NOTE: SOME PRIMETIME GAMES ARE TBD on 2018_schedule_single.csv file. Will need updating later on in the season.
Future Enhancement:
- merge in and analyze players' snap count for player picking as well as team picking
- public online access to Shiny app
2018_schedule_single.csv
- This year, I coped & pasted schedule from CBS (link below) and organized information in Excel, rather than using the grid from ESPN and R.
- https://www.cbssports.com/nfl/news/2018-nfl-schedule-release-heres-the-time-and-date-for-all-256-games/
- NOTE: SOME PRIMETIME GAMES ARE TBD. Will need updating later on in the season.
nflTeamBoxscoreScrape_v2.py
- Updated to contain two scraping functions:
-
RegSeason2017BoxscoreScrape()
- single function that scrapes boxscores for entire regular season. See original documentation on the nflBoxscoreScrape() function for more details.
- Uses the following Python Modules: re, requests, bs4, csv, datetime
-
boxscoreScrapeWk(wkNum)
- scrapes boxscores for a given week (wkNum) of the season, appends output to .csv file in working path
- Uses the following Python Modules: re, requests, bs4, csv, datetime
- Warning: Headings are also appended. Will need to remove when importing for analysis
-
Work In Progress: nflTeamBoxscoreStats.r
- next iteration to convert scraped character data types to numeric as appropriate, other organizing into data frame, and incorporate analysis for recommendation.

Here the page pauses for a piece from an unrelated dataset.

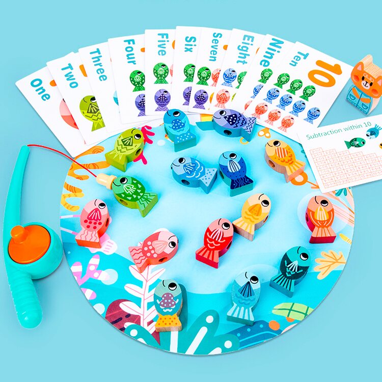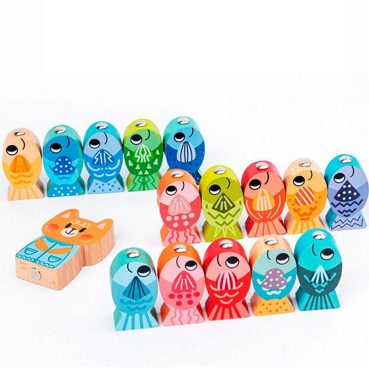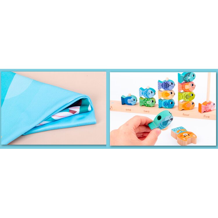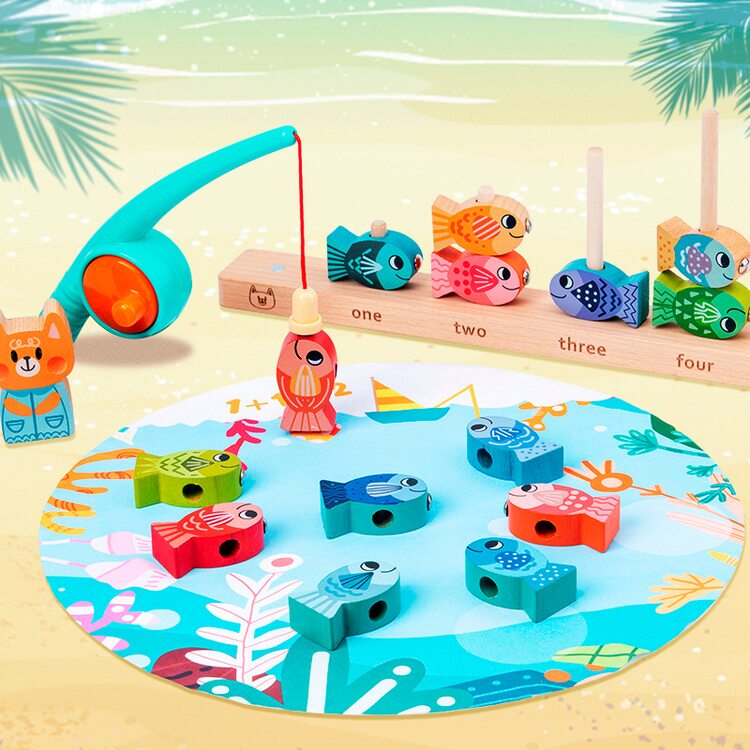 Необыкновенная рыбалка. Никуда не нужно идти или ехать, а прямо дома наловим рыбки, да побольше. Рыбки можно нанизывать на специальную платформу со штырьками от 1 до 5 шт. или нанизывать на шнурочек, как шнуровку (шнурок в комплект не входит). В комплект входят карточки с заданиями. Играя, ребенок сможет научится координировать свои движения, точность, терпение, научится считать, выполнять задания.

NFL American football web scraped stats, and match up analysis and recommendation. See Projects tab
2017_schedule.csv
- Copy & Paste of schedule grid from ESPN
- http://www.espn.com/nfl/schedulegrid/_/year/2017
2017_TNFMNF.csv
- Manual text file written to identify dates of non-Sunday games (Thursday Night Football & Monday Night Football), including week and teams.
nflTeamBoxscoreStats.r
-
Pre-Python Scrape:
- Uses 2017_schedule.csv and 2017_TNFMNF.csv to construct a dataframe with Game Date, Road Team and Home Team. This dataframe is then written to 2017_schedule_single.csv.
-
Post-Python Scrape:
- Analysis Script In Progress
2017_schedule_single.csv
- Contains Week, Date, Road Team and Home Team of all 2017 NFL Games
- Used in nflTeamBoxscoreScrape.py to build CBSSports.com URLs for each NFL game's results. Example: https://www.cbssports.com/nfl/gametracker/boxscore/NFL_20171112_DAL@ATL/
nflTeamBoxscoreScrape.py
- Contains a single function nflBoxscoreScrape(), which scrapes box score Team Stats from CBSSports.com. Data is captured in a List of Lists (List of games, where each element is a List of stat categories such as Team Rushed Yards, Team Passed Yards, number of 1st Downs, Time of Possession etc.). This data structure is then written to a flat nflBoxscoreScrape.csv, where each row is a team's stat observations per game.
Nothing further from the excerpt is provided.